I did PD before it failed on me and now I go in center hemo. I will NOT do home hemo for various reasons. I don't want medical supplies in my house again, my husband doesn't do blood and works so much I'd be alone. If something went wrong I like being there where someone else can take care of it. I don't feel bad, I work full time and am getting ready to fly out and visit my mom. Sure there is a lot to organize but it can be done. If that's what you all chose then GO for it.
My husband decided he wanted to go back to the in center dialysis, they talked to us about PD that but he wants to go to the center where there are medical professionals when alarms happen and to assist. Monday while at dialysis he loss consciousness due to low blood pressure, he has a history of low BS, I think that’s part of his reasoning. Thank you I totally understand what you’re saying. Thank you.

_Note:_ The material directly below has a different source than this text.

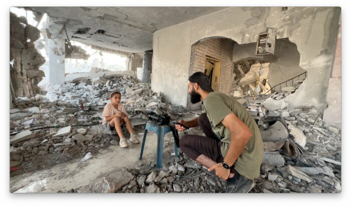 Photo extraite du film « 2 ans en immersion dans l’enfer de Gaza », réalisé par Charles Villa à partir du vlog du reporter Palestinien Suhail Nassar, qui a filmé son quotidien et celui de deux enfants dans le génocide de la bande de Gaza. Le film est disponible sur la chaine Youtube de Charles Villa, ICI.

I am responding under my wife's login. I experienced ESRD in May 23. Was on hemo then moved to PD. Have been on PD every since. PD at home is generally benign but can be very dangerous if you happen to get peritonitis. I contracted peritonitis 2 months into PD - somehow got infected. Very scary - 2 days inpatient and then 16-days of in home delivery of antibiotics. So keep the catheter and area clean when connecting to the machine. The dialysis fluid boxes weigh in at 26 lbs with 2 6L bags. Must be able to lift and manipulate the bags and set up. Highly recommend some sort of weight training exercise to make it easier to handle. Getting to know all the issues and resolutions with the machine is critical as well. Once you are in a groove, it is generally benign and hopefully it will work for him. Good luck.